:: Record set ::
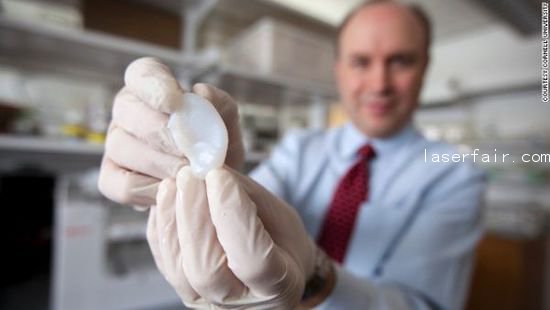 美國維克森林醫學院的詹姆斯-尤正在研制一種能直接在燒傷患者的傷口上打印皮膚的打印機。“油墨”由酶和膠原質組成,它們與組織細胞和皮膚細胞分層打印出來,就會形成移植皮膚。該科研組打算研制一種便攜式打印機,以便在偏遠地區和戰區,可以直接用來在患者的傷口上打印皮膚。
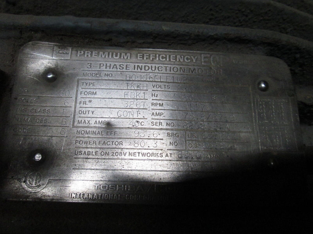 Toshiba AC Motor B0306FLF1U2H 30HP 1175RPM 230/460V 75.8/37.9A...
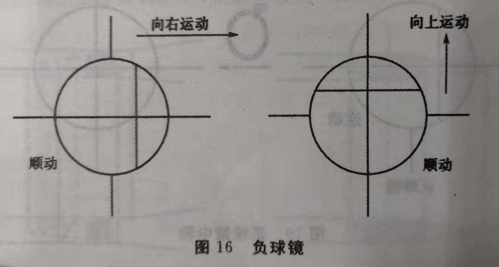 (1)负球镜:无剪动,两侧均顺动(图16)。
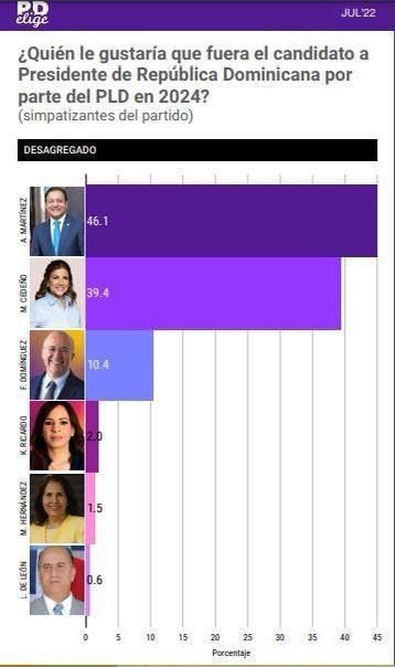 El levantamiento de opinión indicó que el 46.1 por ciento de los miembros del PLD favorecen que Martínez sea el próximo candidato presidencial, frente a un 39.4 que se identificó con la ex vicepresidenta Margarita Cedeño.
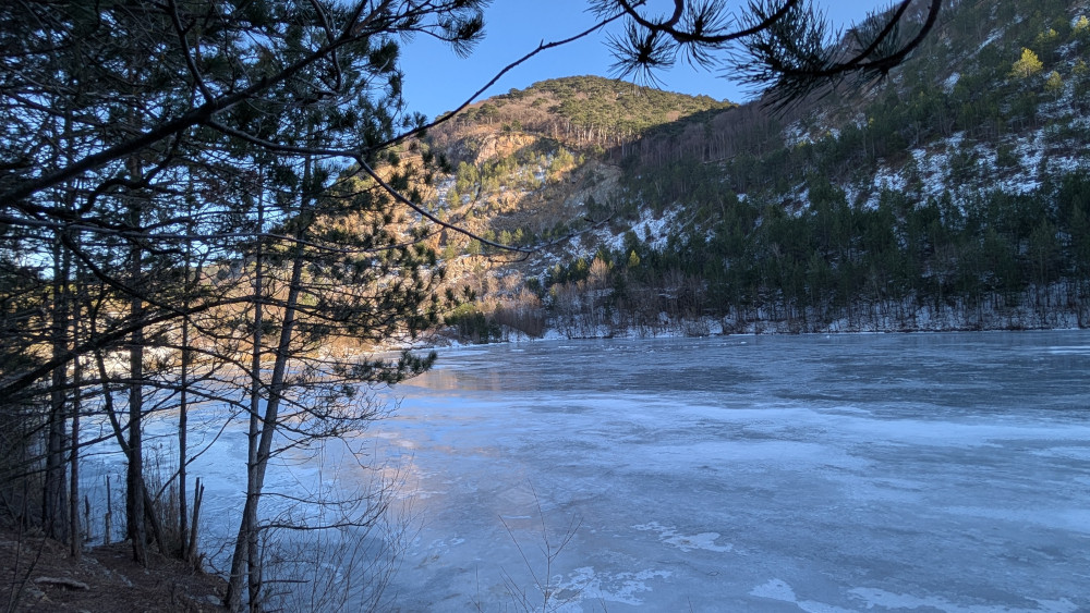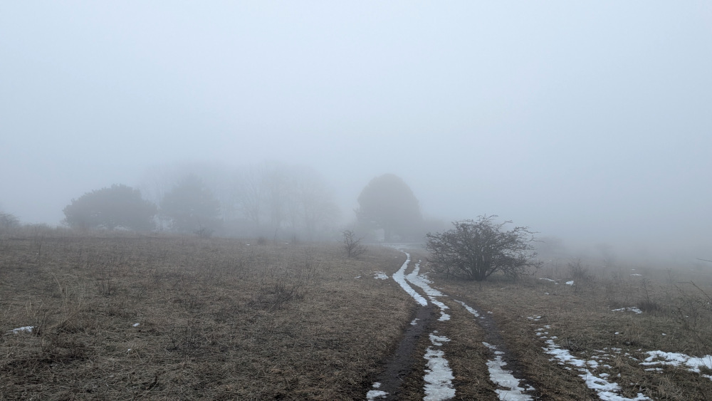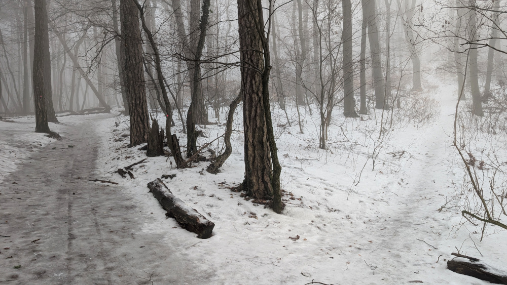 Mit dem einfallenden Nebel gab es vielerorts einen markanten Temperaturrückgang um 5 Grad und mehr. Mein Höhenmeterdurst war noch nicht gestillt. Zudem verwendete ich das erste Mal einen Herzfrequenz-Brustgurt und wollte weitere Daten sammeln. Ein Freund hatte davor schon Bilder vom Abstieg zum Steinbruchsee geschickt mit dickem Eispanzer und das wollte ich mir selbst anschauen. Gesagt, getan.
:::
Exercise:
From the line containing "Toshiba AC Motor" down to the last line of the entries above, set down every line exactly. Omit all pictures.

Output:
 Toshiba AC Motor B0306FLF1U2H 30HP 1175RPM 230/460V 75.8/37.9A...
 (1)负球镜:无剪动,两侧均顺动(图16)。
 El levantamiento de opinión indicó que el 46.1 por ciento de los miembros del PLD favorecen que Martínez sea el próximo candidato presidencial, frente a un 39.4 que se identificó con la ex vicepresidenta Margarita Cedeño.
 Mit dem einfallenden Nebel gab es vielerorts einen markanten Temperaturrückgang um 5 Grad und mehr. Mein Höhenmeterdurst war noch nicht gestillt. Zudem verwendete ich das erste Mal einen Herzfrequenz-Brustgurt und wollte weitere Daten sammeln. Ein Freund hatte davor schon Bilder vom Abstieg zum Steinbruchsee geschickt mit dickem Eispanzer und das wollte ich mir selbst anschauen. Gesagt, getan.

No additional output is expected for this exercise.